Work task
Here the job is to transcribe the data exactly while omitting the images.

··· Information supplied

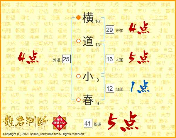 横道小春さんの総運は41画の5点!
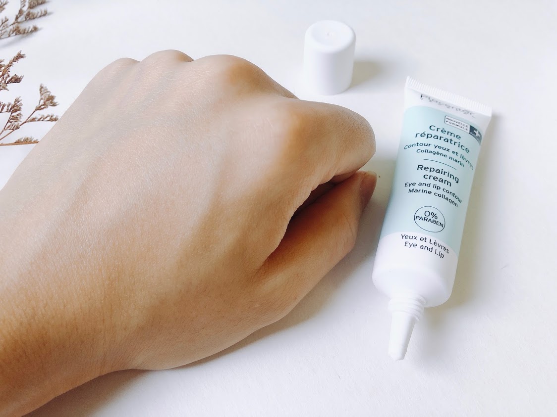 -เนื้อครีมสีขาวค่อนข้างเข้มข้น พอทาไปแล้วเกลี่ยง่ายและให้ความชุ่มชื้นดี หลังจากทาเนื้อครีมซึมเข้าสู่ผิวแต่มีความฉ่ำนิดๆตรงบริเวณที่ทา สังเกตได้จากรูปค่ะ
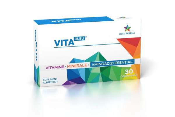 BLEU PHARMA aduce pentru prima data in Romania VITABLEU o combinatide de multivitamine si minerale fortificate cu aminoacizi esentiali.Hrana moderna a pierdut 80% dintre nutrientii esentiali. Vitaminele, mineralele sunt necesare pentru un nivel de energie normal. Atunci cand acestea sunt fortificate cu aminoacizi esentiali cresc imunitatea.

······

Result for this task
 横道小春さんの総運は41画の5点!
 -เนื้อครีมสีขาวค่อนข้างเข้มข้น พอทาไปแล้วเกลี่ยง่ายและให้ความชุ่มชื้นดี หลังจากทาเนื้อครีมซึมเข้าสู่ผิวแต่มีความฉ่ำนิดๆตรงบริเวณที่ทา สังเกตได้จากรูปค่ะ
 BLEU PHARMA aduce pentru prima data in Romania VITABLEU o combinatide de multivitamine si minerale fortificate cu aminoacizi esentiali.Hrana moderna a pierdut 80% dintre nutrientii esentiali. Vitaminele, mineralele sunt necesare pentru un nivel de energie normal. Atunci cand acestea sunt fortificate cu aminoacizi esentiali cresc imunitatea.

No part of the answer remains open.